Or at least pass Medicare for all through reconciliation? Seriously, WTF. Crap, I swore I wasn't going to talk about this crap, because all week I've been a bit worried about the tone that some comments and diaries have taken. I think we all need to take a deep breath, and take a break from that shit. Tonight we are not here to talk about that. We are here to drink, eat, drink, possibly snack, and be merry. It is the holiday season after all. That's right Bill-O, I said 'holiday' not 'Christmas'. Ooh that's sure gonna chap his hide.
This particular edition of FNBB, is about the enjoyment of cheap nasty beers when we were younger, and how we'd turn our noses up at them now. When I went to college, I lived on a steady diet of Milwaukee's Best Light, otherwise known as 'The Beast'. Way back then, less than ten years ago, you could pick up a twelver for five bucks. What a time.
Later on, when I classed it up with Lite, or Bud Light, my buddies still hadn't grown out of the cheap beer stage. Their poison of choice was Natural Light, affectionately called 'Nattie' for short.
Well, for kicks, tonight, along with a twelve pack of Becks for later, I bought a couple two-by-fours of The Beast. I wanted to drink them first, to see how awful they were with my taste buds fully functioning.
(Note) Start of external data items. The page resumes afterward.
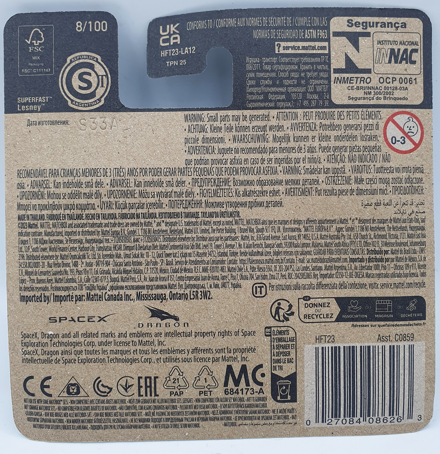 The Matchbox SpaceX Dragon (HFT23-LA12) is a 1:64 scale spacecraft release based on the real SpaceX Dragon capsule, presented here in the Matchbox 70 Years range. The correct release year for this specific retail issue is 2023. Although the model is associated with the 2022 1–100 lineup, collector references identify this HFT23 version as a delayed release that actually reached retail in 2023, making 2023 the correct year for this packaged issue.
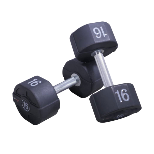 Kompakt kialakításuknak és az ergonómikus, finom recézéssel ellátott (30–32 mm átmérőjű) markolatuknak köszönhetően ezek a súlyzók kiváló kényelmet és kontrollt biztosítanak az edzés során. A fogantyú hossza 140 mm, ami masszív és stabil érzetet ad. A súlyérték minden súlyzó tetején, alján és elején egyértelműen fel van tüntetve a gyors és könnyű választás érdekében.
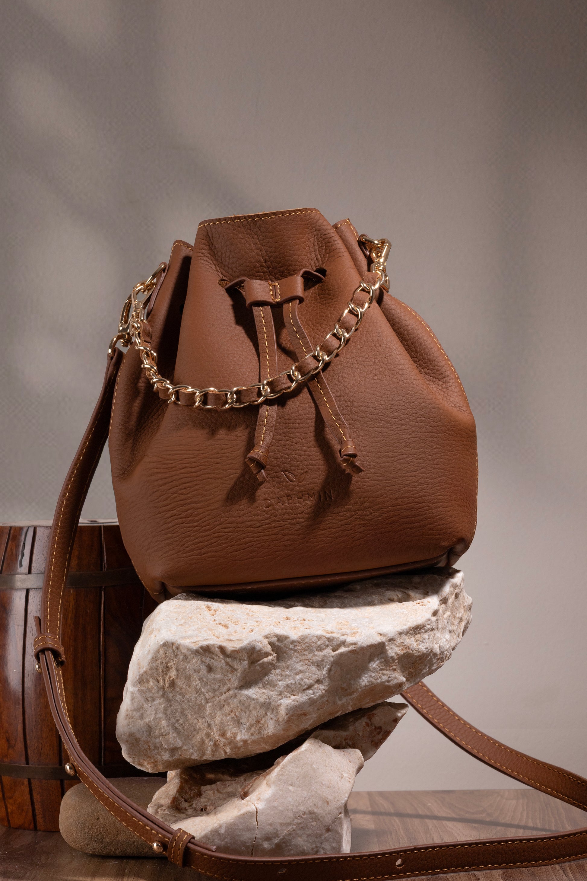 Sorellina Mini Bucket - Hakiki Deri Taba Büzgülü Çanta
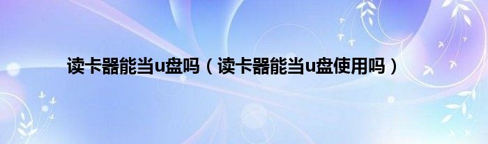 大家好,小常来为大家解答以上问题。读卡器能当u盘吗,读卡器能当u盘使用吗很多人还不知道,现在让我们一起来看看吧!
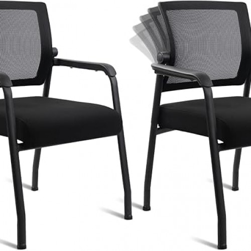 Desk Chair No Wheels with Adjustable Mesh Backrest, Arm Chair with Ergonomic Lumbar Support and Thickened Seats Cushion, Waiting Room Chairs for Office School Church Guest Reception, 4PACK
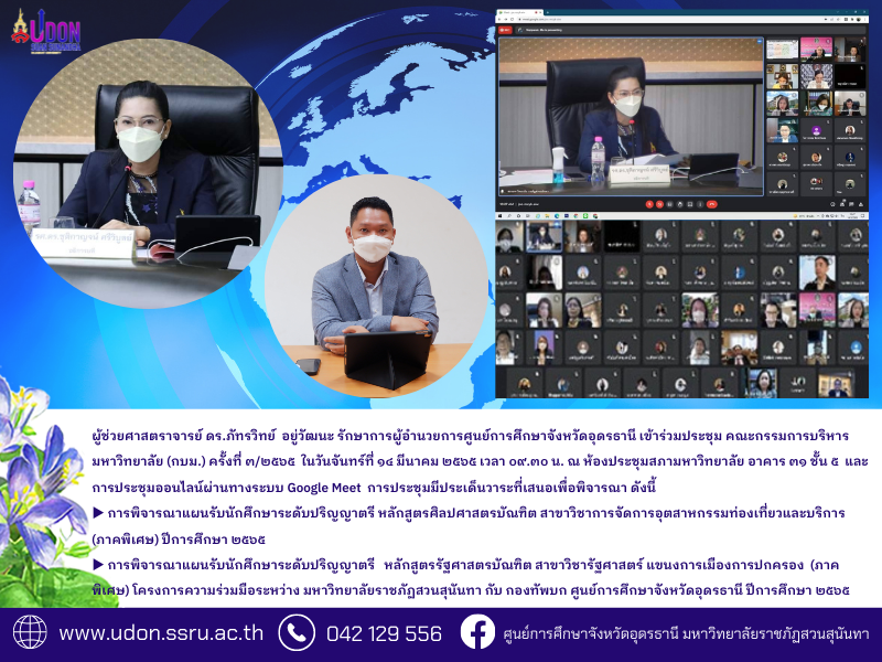 ผู้ช่วยศาสตราจารย์ ดร.ภัทรวิทย์ อยู่วัฒนะ รักษาการผู้อำนวยการศูนย์การศึกษาจังหวัดอุดรธานี เข้าร่วมประชุม คณะกรรมการบริหารมหาวิทยาลัย (กบม.) ครั้งที่ ๓/๒๕๖๕ ในวันจันทร์ที่ ๑๔ มีนาคม ๒๕๖๕ เวลา ๐๙.๓๐ น. ณ ห้องประชุมสภามหาวิทยาลัย อาคาร ๓๑ ชั้น ๕ และการประชุมออนไลน์ผ่านทางระบบ Google Meet การประชุมมีประเด็นวาระที่เสนอเพื่อพิจารณา ดังนี้
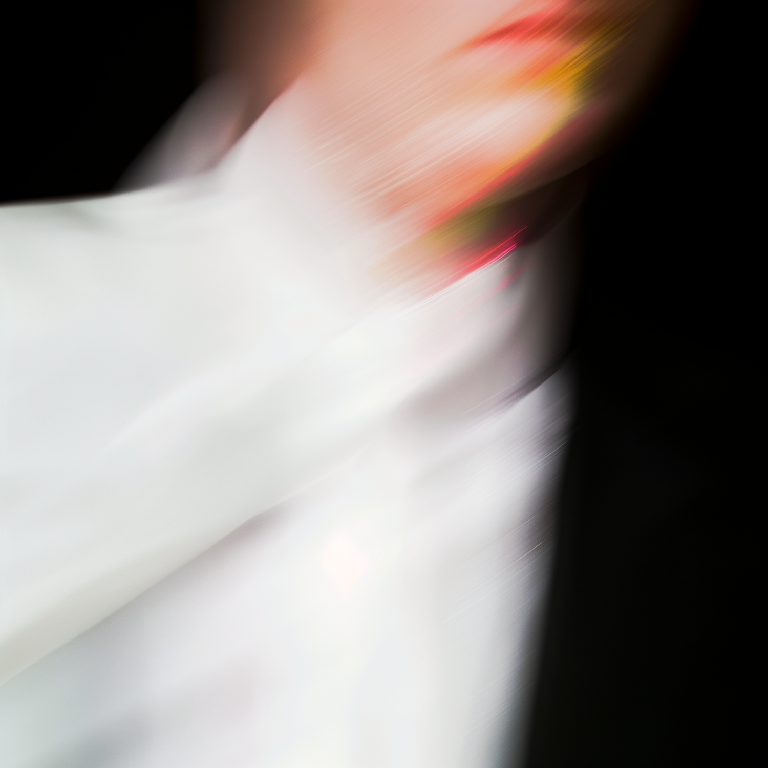 Abstract blurred image of a person in a white shirt and black jacket with streaks of red and yellow, creating a dynamic, artistic effect.
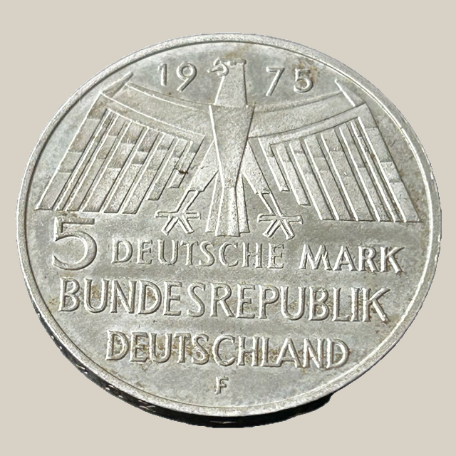 Esta moeda de 5 Deutsche Mark, cunhada em 1975, celebra o Ano Europeu do Património Arquitetónico, uma iniciativa importante para a conservação dos edifícios históricos na Europa. A emissão pela República Federal da Alemanha sublinha o papel do país na cooperação cultural europeia e na valorização de seu próprio património.
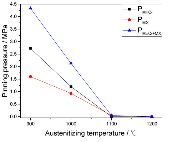 Replacing the average radius and volume fraction of the M23C6 and MX precipitates into Equations (3) and (5), the pinning pressure ( and ) on the grain boundaries at different austenitizing temperatures can be obtained, as shown in Figure 7. The pinning pressure decreases with the increase of the austenitizing temperature. This is caused by the reduction in the number of pinning positions resulting from dissolution of precipitates. According to Equation (3), the increase of precipitates size due to coarsening is also an important factor. In addition, from 900 to 1000 °C, the reduction of the pinning pressure ( MPa) caused by the M23C6 precipitates is more than that ( MPa) caused by the MX precipitates, due to the lower thermal stability of M23C6 precipitates. When the austenitizing temperature is in the range of 1000–1100 °C, the entire dissolution of M23C6 precipitates results in the disappearance of the pinning pressure . Meanwhile, the serious coarsening and dissolution of MX precipitates lead to a significant decrease of the pinning pressure , from 0.93 to 0.045 MPa. Then, the complete dissolution of MX precipitates also causes the decrease of the pinning pressure at 1200 °C.
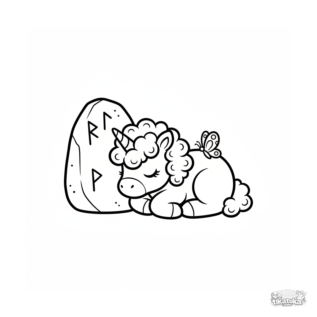Простая раскраска для самых маленьких: плюшевый единорожек сладко спит, прижавшись к древнему руническому камню. Очень крупные, понятные формы.
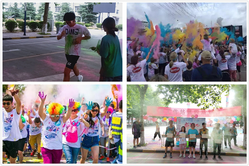 下午17时,热情洋溢的同学们,在四号宿舍楼下参加活力彩跑,随着一声哨响,同学们狂野般的冲向终点,校园里成了色彩和欢乐的游乐园,他们开心地互相抛撒彩虹粉,相互打闹,一路欢声笑语。每一个站点的工作人员向参与者撒彩色粉末以表祝贺。
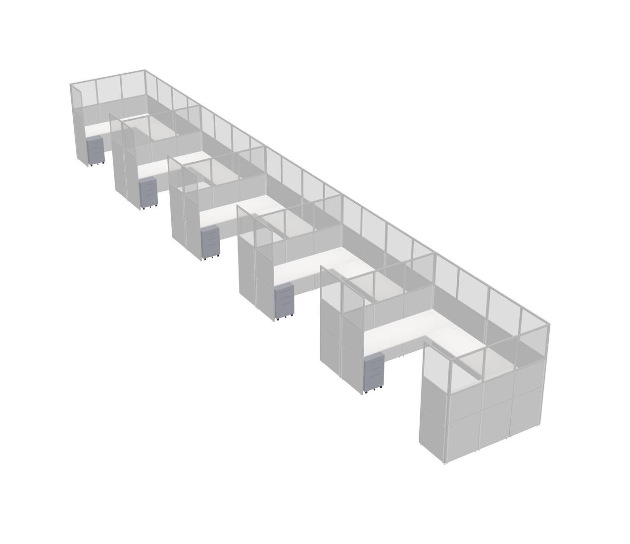 White U-shaped Panel System For 5 Person + Metal Mobile Drawers For 5 User(s)

Verdict: pretty bad, but not worse than expected, and they were only like a buck thirty a piece.
So while you all answer the question I always ask,
What are you drinking this evening,
try to remember a time when crap beer was enjoyable, when spending eighteen bucks for twelve beers seemed insane, and when that twelve pack was simply out of your reach.
What did you do then? Well you wanted to get your buzz on, so you forced down a product that was distasteful, and though it was awful at first, a few hours in, it wasn't bad at all, and it got you where you wanted to go, albeit with a shitty taste in your mouth.
Drink up my malted barley brethren, and drink hearty, for tonight, or early AM we dine at Denny's.